# I Got into a Bunch of Chukars Today...



## AF CYN (Mar 19, 2009)

... and this is all I have to show for it.


----------



## 3arabians (Dec 9, 2014)

Haha. I admire your humility. A fun day was had no doubt 


Sent from my iPhone using Tapatalk


----------



## CPAjeff (Dec 20, 2014)

I love the honesty!


----------



## BPturkeys (Sep 13, 2007)

The pooch looks a little pissed:smile:


----------



## AF CYN (Mar 19, 2009)

BPturkeys said:


> The pooch looks a little pissed:smile:


For sure. I spent the first year thinking she was a crappy hunter. Now she's figuring things out and will spend the next 12 years thinking I'm a crappy hunter.


----------



## Dunkem (May 8, 2012)

At least you got some shots, just think of what you missed on cleaning them.


----------



## 2full (Apr 8, 2010)

I feel your pain, I know that feeling only too well. 
I used to be good with a shotgun, now I stink on flying birds.


----------



## Slap That Quack (Mar 2, 2017)

I've been there too! And yes, your dog looks a little unimpressed. 😁 but. At least you found them, and that's a win.


----------



## one4fishing (Jul 2, 2015)

Still looks like a good day.


----------



## Buckfinder (May 23, 2009)

Just think of it as catch and release hunting.


----------



## Gordon (Sep 11, 2007)

Same thing happened to me on New Years Eve. -O,-


----------



## shaner (Nov 30, 2007)

2full said:


> I feel your pain, I know that feeling only too well.
> I used to be good with a shotgun, now I stink on flying birds.


Try this next time out:
Don't pull the trigger until you CAN'T see the bird.
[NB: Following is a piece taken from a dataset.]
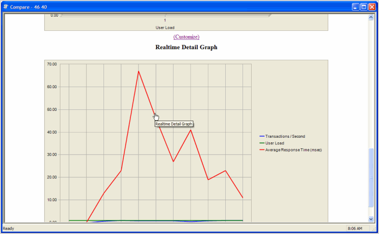 The Realtime Detail graph allows you to view what actually happened during the running of a load test. This allows you to view the actual timing events. From the Realtime Detail graph you can view:
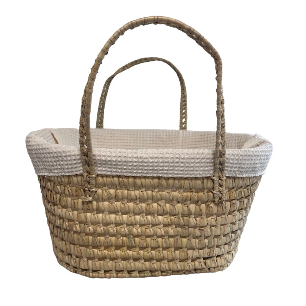 A beautifully hand crafter wicker baby caddy, your neatly organised nappy caddy gives you instant access to all your baby stuff such as nappy's, wipes, bibs, Muslim cloths & more.

Everyone, including me, lifts their head a tiny bit to see the bird get crunched.
Lifted head= missed bird.
If you don't believe me go shoot a couple clays and I'm sure you will hit them.


----------



## caddis8 (Sep 10, 2007)

I've been in a bit of a funk lately. Missed some easy birds and I'm pretty sure that's why. I also had my long range choke in from goose hunting while shooting pheasants, that didn't help, but it also didn't make me miss that badly.

Head down!


----------



## hook69 (Nov 26, 2016)

There's a reason they are called devil birds! I had a rough day last week, and my dog gave me that same look. However my dog is a lab and sometimes will chase them when they run so I put some blame on him... at least that's my story! :smile:


----------



## CPAjeff (Dec 20, 2014)

The coolest thing to me about this is that you packed your hulls out - most just leave them. Good job!


----------



## one4fishing (Jul 2, 2015)

CPAjeff said:


> The coolest thing to me about this is that you packed your hulls out - most just leave them. Good job!


This
Plus when you pick them up you aren't leading others to your hard earned spots.


----------



## tigerpincer (Dec 5, 2009)

Missing a few is a whole lot better than not finding any. Hopefully you got to enjoy the best part of the experience, watching your dog work wild birds.


----------



## Dexter (Sep 23, 2018)

Good to see you got into some birds, your GWP doesn't look to happy though. Better luck on your next outing. I tried my luck out on Friday with my GWP and lab near Brigham City on the benches. I didn't have any luck at all, just worn out legs and dogs. I haven't hunted chuckars in years. The last time I went was about 25 years ago out by Howell. Any suggestions where to go to give my dogs some experience and possibly put 1 or 2 in the frying pan? I live in the Ogden area.


----------



## AF CYN (Mar 19, 2009)

Dexter, I'll shoot you a PM.


----------